#### Data extracts ####

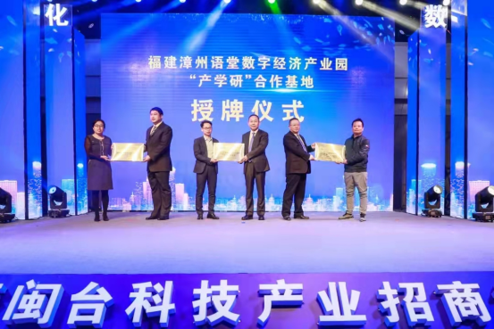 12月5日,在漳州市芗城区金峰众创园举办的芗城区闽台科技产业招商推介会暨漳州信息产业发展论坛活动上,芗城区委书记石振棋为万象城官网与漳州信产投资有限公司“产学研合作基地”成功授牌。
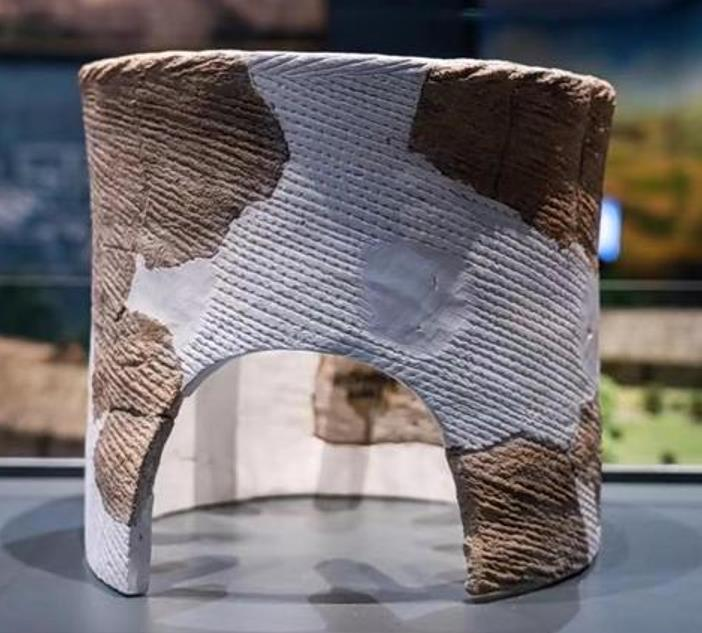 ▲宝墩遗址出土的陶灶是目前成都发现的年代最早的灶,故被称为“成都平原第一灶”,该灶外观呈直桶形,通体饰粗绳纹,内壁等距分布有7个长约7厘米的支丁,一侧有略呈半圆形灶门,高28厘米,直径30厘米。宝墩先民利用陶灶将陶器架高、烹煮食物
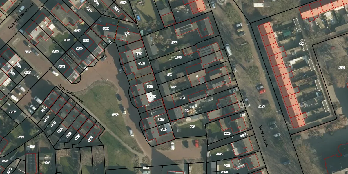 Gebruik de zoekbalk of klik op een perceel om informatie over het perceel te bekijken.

####
#### Data extracts ####

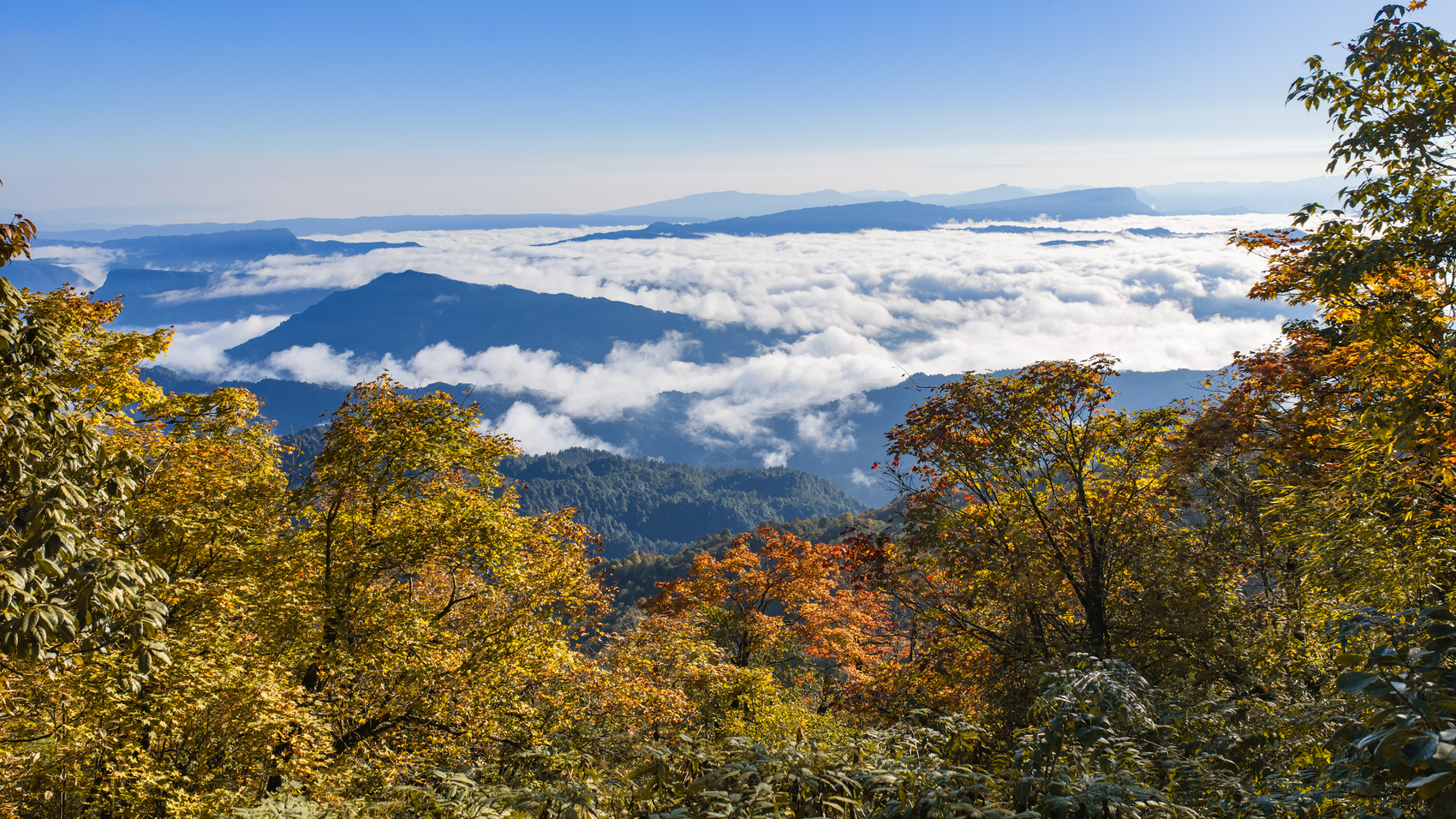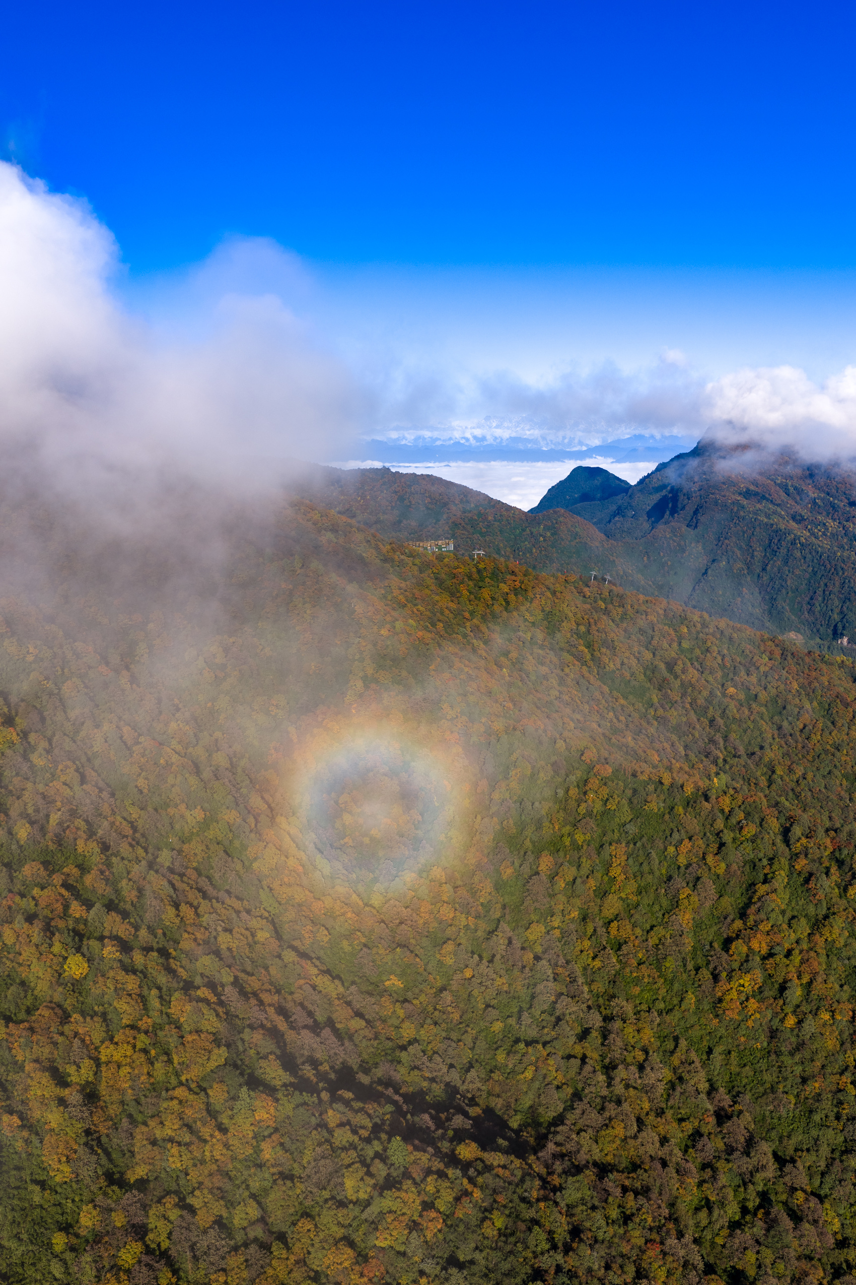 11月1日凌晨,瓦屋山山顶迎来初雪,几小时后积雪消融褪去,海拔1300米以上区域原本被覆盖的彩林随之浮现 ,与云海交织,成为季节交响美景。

####
#### Data extracts ####

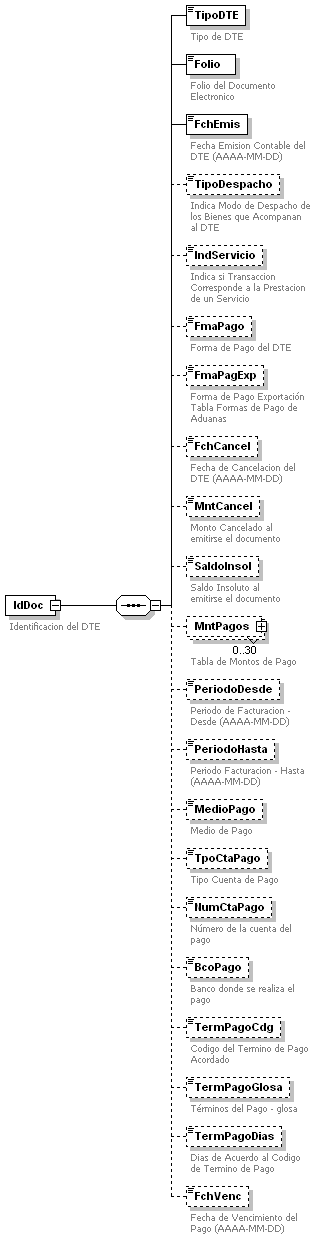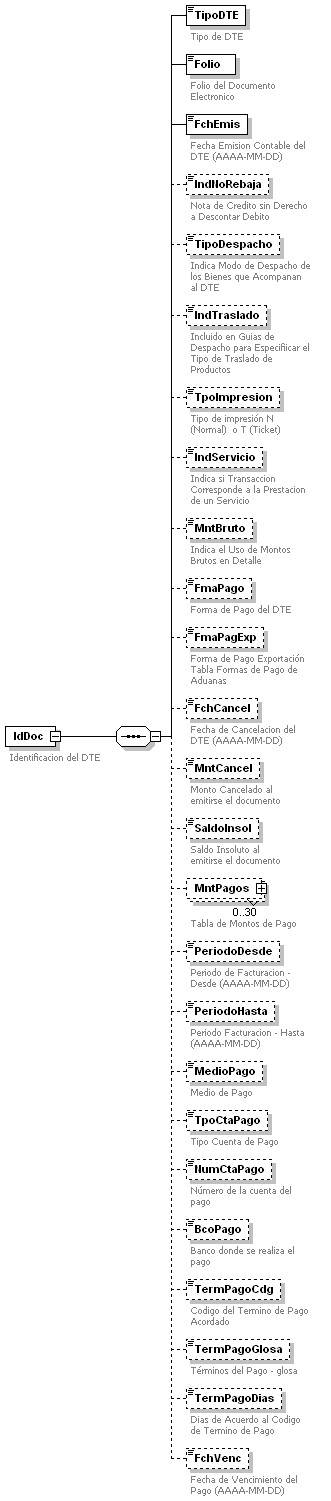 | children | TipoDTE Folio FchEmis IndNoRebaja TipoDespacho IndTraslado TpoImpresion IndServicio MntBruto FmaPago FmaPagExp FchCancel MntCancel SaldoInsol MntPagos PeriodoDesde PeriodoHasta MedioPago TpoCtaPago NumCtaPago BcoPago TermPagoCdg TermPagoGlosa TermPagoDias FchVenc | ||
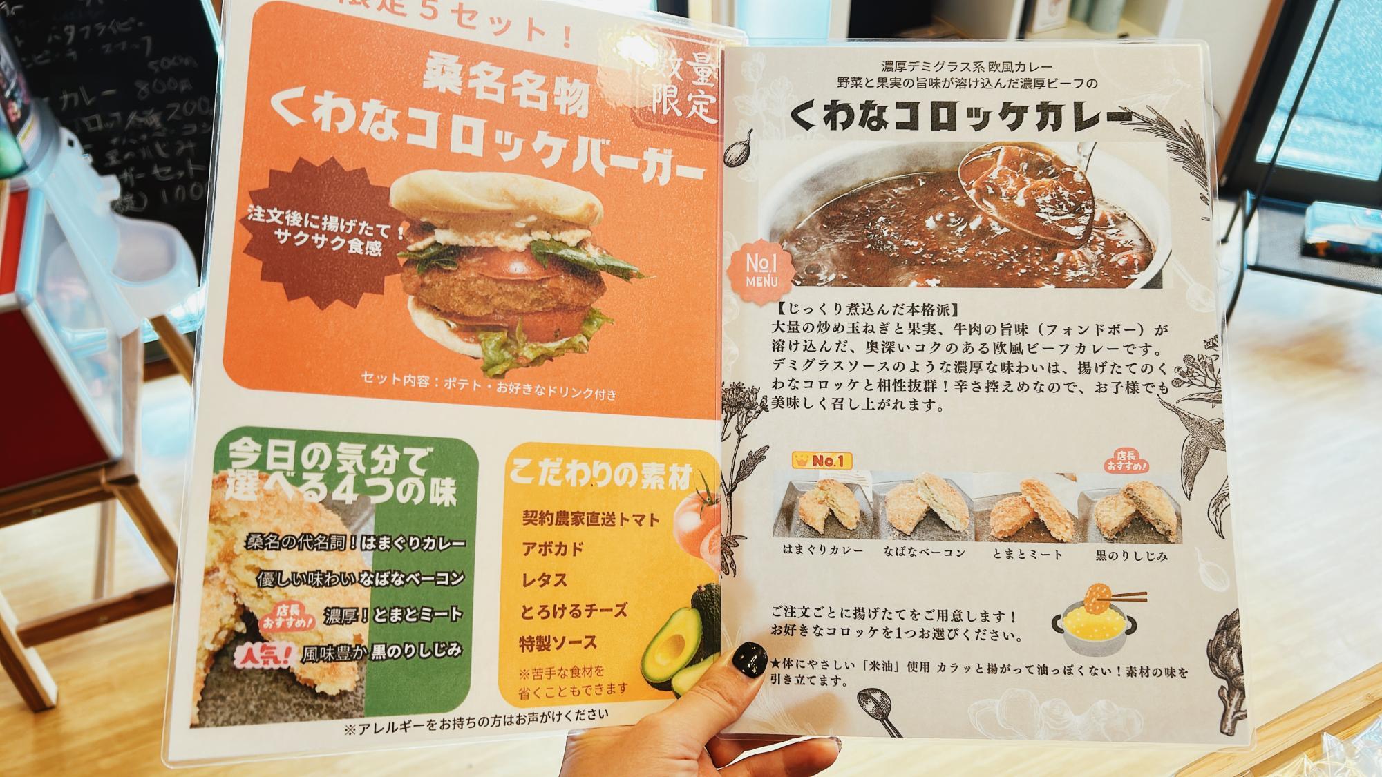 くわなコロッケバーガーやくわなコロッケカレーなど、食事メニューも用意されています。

####

| About this task |
Within the listing above, write out the stretch from the line with "12月5日,在漳州市芗城区金" through the line with "Gebruik de zoekbalk" exactly. Any pictures are to be left out.

| Result of the exercise |
 12月5日,在漳州市芗城区金峰众创园举办的芗城区闽台科技产业招商推介会暨漳州信息产业发展论坛活动上,芗城区委书记石振棋为万象城官网与漳州信产投资有限公司“产学研合作基地”成功授牌。
 ▲宝墩遗址出土的陶灶是目前成都发现的年代最早的灶,故被称为“成都平原第一灶”,该灶外观呈直桶形,通体饰粗绳纹,内壁等距分布有7个长约7厘米的支丁,一侧有略呈半圆形灶门,高28厘米,直径30厘米。宝墩先民利用陶灶将陶器架高、烹煮食物
 Gebruik de zoekbalk of klik op een perceel om informatie over het perceel te bekijken.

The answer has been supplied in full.